In the present case, the patient was initially diagnosed based on clinical and neuroimaging assessments performed at the Department of Neurosurgery, The Affiliated Hospital of Beihua University. Consistent with the standard treatment of irradiation of brain metastases, the patient underwent GKRS of the brainstem metastasis over 40 days with a total dose of 54.0 Gy. This dose was deemed appropriate based on the study by Maranzano et al (22), who reported that the brain tolerated a single course of radiotherapy of 50–60 Gy in 2 Gy daily fractions. However, in the current case, MRI performed three months following GKRS showed an increase in the size of the cystic mass. The patient was therefore referred to the China-Japan Union Hospital of Jilin University for further treatment.

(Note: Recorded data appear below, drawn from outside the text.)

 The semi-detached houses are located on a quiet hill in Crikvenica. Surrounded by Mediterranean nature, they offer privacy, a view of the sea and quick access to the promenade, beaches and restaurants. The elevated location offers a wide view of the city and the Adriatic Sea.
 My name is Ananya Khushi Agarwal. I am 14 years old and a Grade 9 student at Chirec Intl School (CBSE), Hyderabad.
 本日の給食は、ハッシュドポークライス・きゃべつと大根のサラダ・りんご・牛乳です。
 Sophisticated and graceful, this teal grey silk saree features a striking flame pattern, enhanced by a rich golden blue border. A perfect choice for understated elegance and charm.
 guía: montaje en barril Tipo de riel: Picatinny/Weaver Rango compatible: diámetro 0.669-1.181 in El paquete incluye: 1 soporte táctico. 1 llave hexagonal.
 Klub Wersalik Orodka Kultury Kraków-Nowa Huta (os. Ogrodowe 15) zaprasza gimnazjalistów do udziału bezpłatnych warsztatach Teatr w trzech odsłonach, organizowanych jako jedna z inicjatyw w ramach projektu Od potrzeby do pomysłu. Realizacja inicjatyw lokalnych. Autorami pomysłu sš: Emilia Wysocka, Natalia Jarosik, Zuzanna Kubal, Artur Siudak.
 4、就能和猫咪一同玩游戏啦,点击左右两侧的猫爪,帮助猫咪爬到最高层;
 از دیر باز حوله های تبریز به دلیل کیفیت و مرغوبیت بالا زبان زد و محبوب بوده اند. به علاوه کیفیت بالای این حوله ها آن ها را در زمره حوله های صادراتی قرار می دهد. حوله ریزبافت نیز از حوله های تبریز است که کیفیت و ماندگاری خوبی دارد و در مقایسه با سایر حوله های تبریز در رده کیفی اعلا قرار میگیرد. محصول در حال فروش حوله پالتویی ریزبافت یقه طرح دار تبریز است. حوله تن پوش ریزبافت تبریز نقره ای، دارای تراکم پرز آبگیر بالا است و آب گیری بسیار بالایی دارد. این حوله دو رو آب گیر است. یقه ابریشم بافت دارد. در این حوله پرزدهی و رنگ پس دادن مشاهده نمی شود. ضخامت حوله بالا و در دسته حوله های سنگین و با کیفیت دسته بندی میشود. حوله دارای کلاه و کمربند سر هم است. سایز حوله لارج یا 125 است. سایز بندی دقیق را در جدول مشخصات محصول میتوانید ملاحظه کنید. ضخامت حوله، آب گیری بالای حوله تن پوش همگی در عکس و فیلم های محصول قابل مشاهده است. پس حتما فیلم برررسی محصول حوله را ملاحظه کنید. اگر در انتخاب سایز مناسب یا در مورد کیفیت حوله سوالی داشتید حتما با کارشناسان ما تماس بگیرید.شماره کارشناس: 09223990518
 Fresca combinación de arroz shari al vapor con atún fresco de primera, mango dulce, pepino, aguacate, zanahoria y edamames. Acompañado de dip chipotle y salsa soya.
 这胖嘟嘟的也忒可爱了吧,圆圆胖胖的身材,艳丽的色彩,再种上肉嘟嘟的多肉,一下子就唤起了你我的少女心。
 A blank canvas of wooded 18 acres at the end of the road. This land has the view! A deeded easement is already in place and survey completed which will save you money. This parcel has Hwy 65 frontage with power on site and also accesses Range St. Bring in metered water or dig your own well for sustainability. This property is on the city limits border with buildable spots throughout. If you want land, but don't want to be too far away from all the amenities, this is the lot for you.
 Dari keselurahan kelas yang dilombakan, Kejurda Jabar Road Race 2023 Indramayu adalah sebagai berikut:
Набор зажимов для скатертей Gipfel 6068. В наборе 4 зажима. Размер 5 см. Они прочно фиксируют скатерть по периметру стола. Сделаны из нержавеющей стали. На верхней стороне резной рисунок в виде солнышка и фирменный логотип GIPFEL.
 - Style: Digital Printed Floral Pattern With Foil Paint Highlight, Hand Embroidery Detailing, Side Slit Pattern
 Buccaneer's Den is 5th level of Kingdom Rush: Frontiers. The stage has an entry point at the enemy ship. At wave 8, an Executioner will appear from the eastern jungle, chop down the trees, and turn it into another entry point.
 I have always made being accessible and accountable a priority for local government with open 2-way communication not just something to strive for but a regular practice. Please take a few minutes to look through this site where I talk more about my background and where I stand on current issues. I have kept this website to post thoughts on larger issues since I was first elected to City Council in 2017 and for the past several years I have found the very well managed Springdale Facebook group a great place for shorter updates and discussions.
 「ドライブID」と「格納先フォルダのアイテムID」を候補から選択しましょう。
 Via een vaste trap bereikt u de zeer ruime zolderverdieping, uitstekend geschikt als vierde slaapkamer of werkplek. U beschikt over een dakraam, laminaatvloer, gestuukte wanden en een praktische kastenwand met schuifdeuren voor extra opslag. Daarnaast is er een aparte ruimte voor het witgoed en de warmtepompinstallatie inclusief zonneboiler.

As part of the clinical evaluation, it was critical to determine whether the mass was a metastatic growth or a high-grade glioma. Server et al (23) reported that MRS may be utilized to differentiate high-grade glioma from metastases, particularly when the performed in conjunction with measurement of the peritumoral Cho/NAA ratio, which has a high sensitivity (100%). In the current case, the results of these tests indicated the presence of a metastatic carcinoma.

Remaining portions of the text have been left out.